Microsoft Fabric Governance
Interview Questions

Fabric follows a strict hierarchy for governance: Tenant (Top level, tied to Entra ID) > Domain (Logical grouping for business units) > Workspace (Security and billing boundary) > Item (Artifacts like Lakehouses, Reports). Consequently, understanding this cascading structure is essential for applying policies correctly.

Domains enable Federated Governance (Data Mesh). Instead of IT managing 1,000 workspaces, you can group them into Domains (e.g., Finance, HR) and delegate “Domain Admin” rights to business users. As a result, departments can manage their own workspace creation and policies while still adhering to central tenant settings.

Tenant Settings apply globally (e.g., “Allow creating Fabric items”). Capacity Settings apply to the compute infrastructure (e.g., F64). Crucially, some tenant settings can be overridden at the Domain or Capacity level (delegation), allowing for granular control over features like Copilot or Export.

Avoid creating workspaces per user.
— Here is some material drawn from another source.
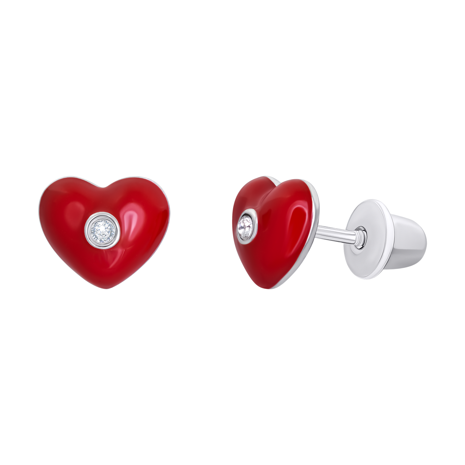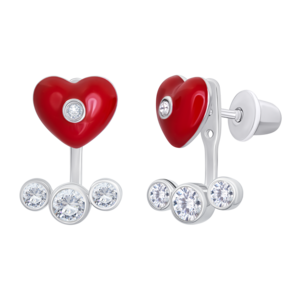 Сережки-джекети Серденько з червоною емаллю та фіанітами із колекції UmaUmi Symbols – красиві, легкі і зручні дитячі сережки. Відмінний ювелірний подарунок на будь-яке свято!
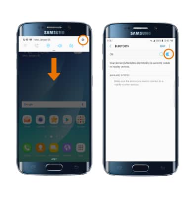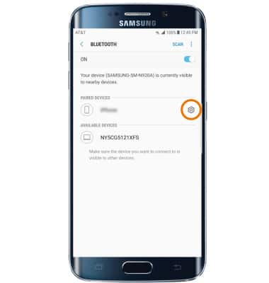 - SCAN FOR DEVICES: Swipe down from the Notification bar, then select the Settings icon. Select Connections > change Bluetooth switch on. Bluetooth will automatically scan for devices.

Instead, align workspaces with Projects or Lifecycle Stages (e.g., “Sales_Dev”, “Sales_Prod”). Furthermore, separate data workspaces (Lakehouses) from reporting workspaces (Power BI Apps) to implement a “Golden Dataset” architecture with stricter security on the data layer.

Workspace Identity is a Managed Identity feature. It allows the workspace itself to authenticate against trusted Azure services (like ADLS Gen2 or Key Vault) without relying on a specific user’s credentials. Therefore, pipelines keep running reliably even if the creator leaves the organization.
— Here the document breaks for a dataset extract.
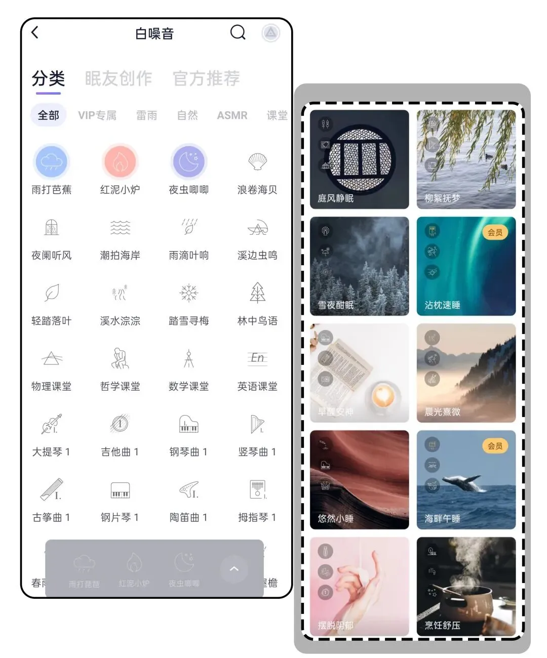 直到被姐妹安利了这款睡眠APP,果然入睡轻松不少,打开喜欢的白噪音(可选择的白噪音超级多,而且两三种声音可以叠加),闭上眼睛,听着听着就缓缓入睡了☺️,美妙呀。

“My Workspace” is a sandbox for every user. However, it cannot be assigned to a Fabric Capacity (unless it’s a Trial) and lacks collaborative features. Therefore, in an enterprise governance strategy, you should strictly discourage using My Workspace for any production content.

Fabric has four roles: Admin (Full control, including deleting workspace), Member (Can create/edit items and share), Contributor (Can create/edit items but cannot share), and Viewer (Read-only access to reports). Warning: Viewers may still query underlying data via SQL Endpoints if workspace settings allow.

Workspace Roles apply to all items in a workspace. In contrast, Item-Level Sharing allows you to grant access to a single report or Lakehouse to a user without adding them to the workspace. Consequently, this adheres to the Principle of Least Privilege.

A common misconception is that “Viewer” only sees reports. However, if the workspace setting “Users can view artifacts” is enabled, Viewers can also connect to the SQL Endpoint of a Lakehouse and query tables. To prevent this, you must secure the SQL Endpoint explicitly using SQL DENY commands or OneLake roles.

This is a feature enabling Folder-Level Security. You can define roles (e.g., “Finance_Read”) within a Lakehouse and assign permissions to specific folders in OneLake. Consequently, both Spark and T-SQL engines honor these permissions, providing granular control previously only available in ADLS Gen2 ACLs.

Warehouse: Uses standard T-SQL Row-Level Security (RLS) policies. Lakehouse: Can define RLS in the SQL Endpoint, but Spark access bypasses SQL RLS. Therefore, for universal RLS, you must implement it at the OneLake Data Access Role level or within the consuming Semantic Model.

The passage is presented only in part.